Material provided: Begin

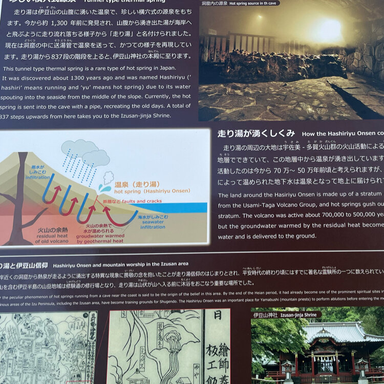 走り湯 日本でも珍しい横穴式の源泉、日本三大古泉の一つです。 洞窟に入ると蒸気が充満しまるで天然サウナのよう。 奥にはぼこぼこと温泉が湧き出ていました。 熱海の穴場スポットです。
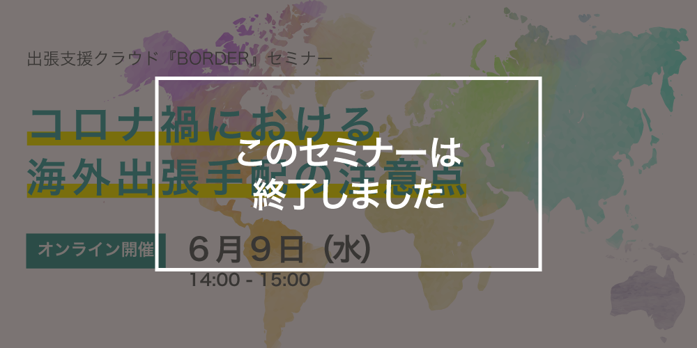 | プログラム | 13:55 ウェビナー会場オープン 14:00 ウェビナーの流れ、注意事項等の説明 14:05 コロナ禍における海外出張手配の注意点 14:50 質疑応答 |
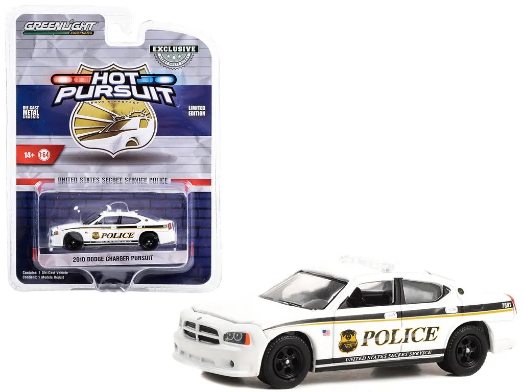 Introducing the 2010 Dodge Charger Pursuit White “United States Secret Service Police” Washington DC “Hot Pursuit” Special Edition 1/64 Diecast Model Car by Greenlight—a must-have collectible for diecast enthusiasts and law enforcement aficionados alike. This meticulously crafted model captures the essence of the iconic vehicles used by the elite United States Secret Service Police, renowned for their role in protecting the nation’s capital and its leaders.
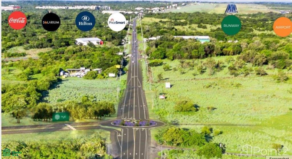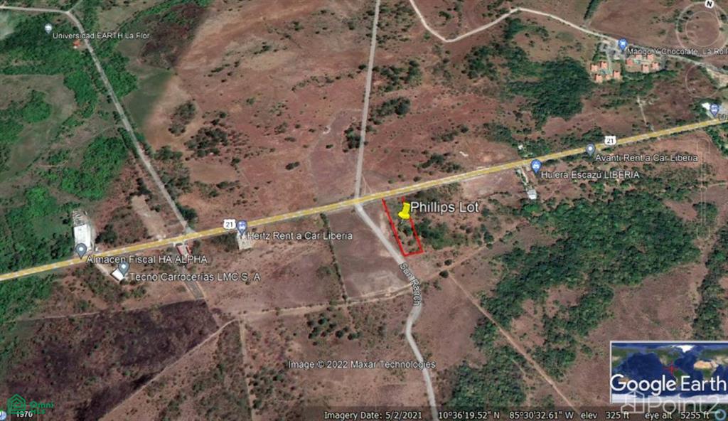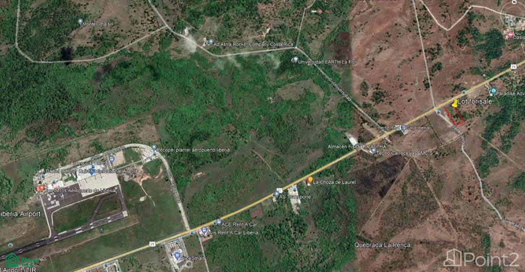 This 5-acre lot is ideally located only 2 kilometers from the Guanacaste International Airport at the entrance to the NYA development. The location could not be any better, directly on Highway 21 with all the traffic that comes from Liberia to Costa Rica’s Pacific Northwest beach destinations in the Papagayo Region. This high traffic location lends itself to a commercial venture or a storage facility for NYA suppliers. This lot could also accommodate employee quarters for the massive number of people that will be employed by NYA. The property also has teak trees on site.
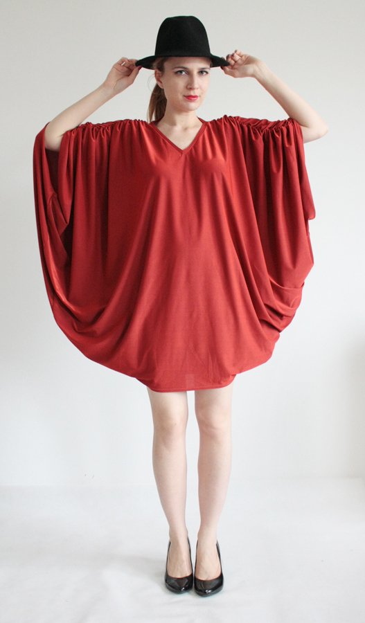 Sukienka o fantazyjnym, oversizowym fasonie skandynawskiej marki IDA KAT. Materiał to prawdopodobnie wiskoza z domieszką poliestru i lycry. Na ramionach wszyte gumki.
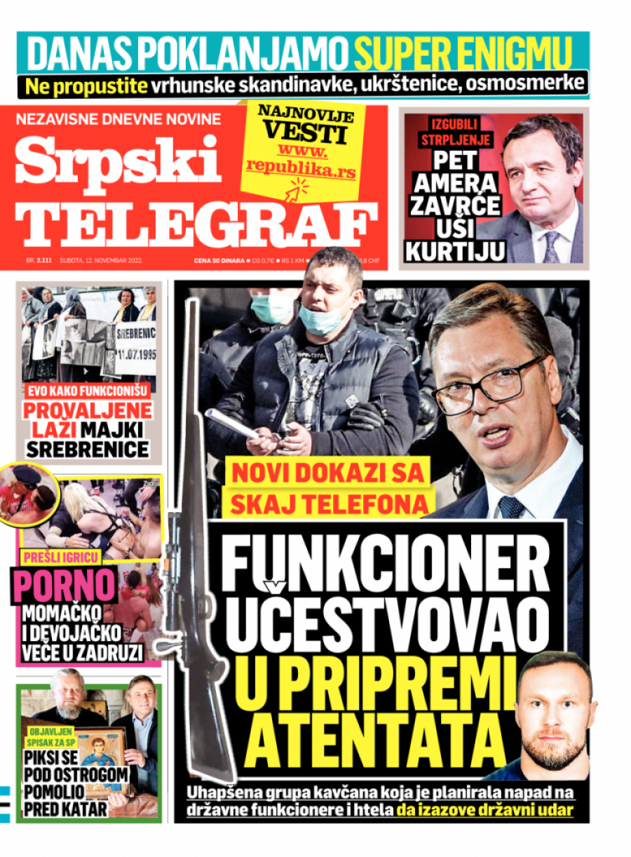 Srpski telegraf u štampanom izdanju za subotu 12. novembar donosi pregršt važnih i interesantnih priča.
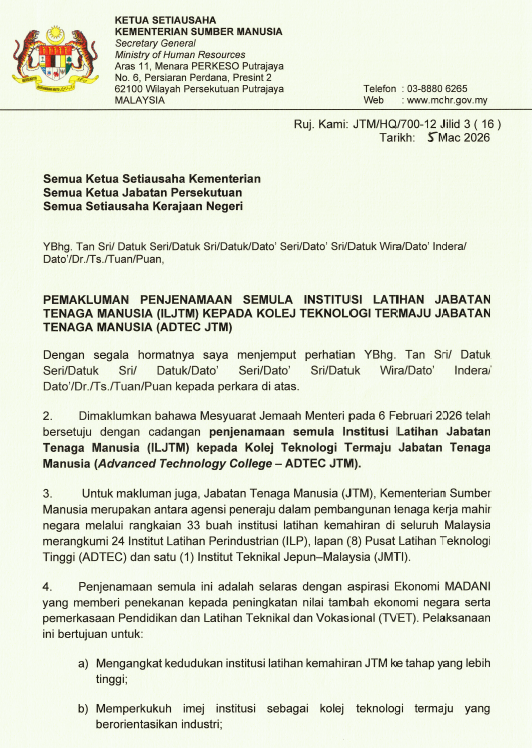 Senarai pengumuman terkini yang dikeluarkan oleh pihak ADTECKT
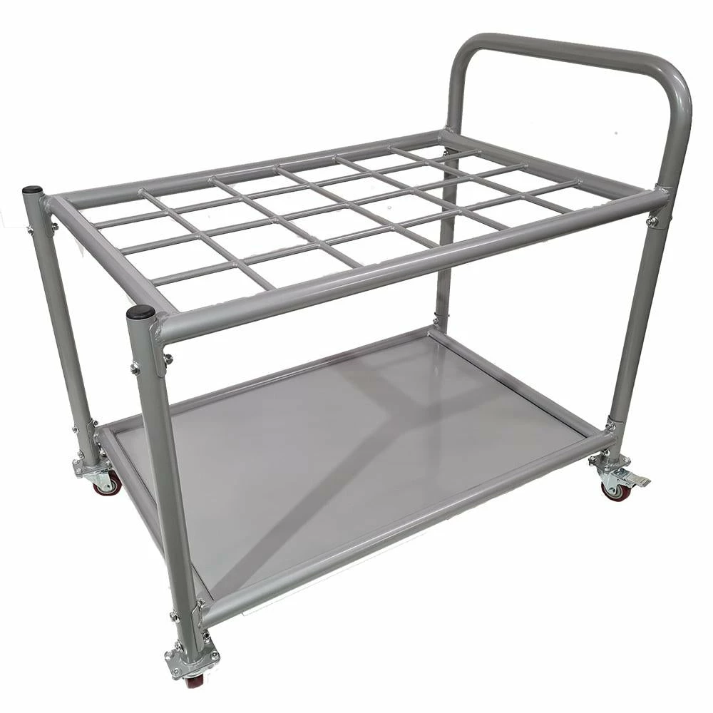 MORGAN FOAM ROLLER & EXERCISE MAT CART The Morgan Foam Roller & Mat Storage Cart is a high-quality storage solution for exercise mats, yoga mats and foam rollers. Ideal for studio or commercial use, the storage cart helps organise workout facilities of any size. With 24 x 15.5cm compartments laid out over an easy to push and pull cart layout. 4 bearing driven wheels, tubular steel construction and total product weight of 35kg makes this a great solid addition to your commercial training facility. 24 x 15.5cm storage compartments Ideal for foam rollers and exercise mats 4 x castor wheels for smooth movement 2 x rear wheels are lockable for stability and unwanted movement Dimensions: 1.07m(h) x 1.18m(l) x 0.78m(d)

Material provided: End

Leave every picture out, and reproduce exactly the lines from the line bearing "Srpski telegraf u" through the closing line of the material above.

 Srpski telegraf u štampanom izdanju za subotu 12. novembar donosi pregršt važnih i interesantnih priča.
 Senarai pengumuman terkini yang dikeluarkan oleh pihak ADTECKT
 MORGAN FOAM ROLLER & EXERCISE MAT CART The Morgan Foam Roller & Mat Storage Cart is a high-quality storage solution for exercise mats, yoga mats and foam rollers. Ideal for studio or commercial use, the storage cart helps organise workout facilities of any size. With 24 x 15.5cm compartments laid out over an easy to push and pull cart layout. 4 bearing driven wheels, tubular steel construction and total product weight of 35kg makes this a great solid addition to your commercial training facility. 24 x 15.5cm storage compartments Ideal for foam rollers and exercise mats 4 x castor wheels for smooth movement 2 x rear wheels are lockable for stability and unwanted movement Dimensions: 1.07m(h) x 1.18m(l) x 0.78m(d)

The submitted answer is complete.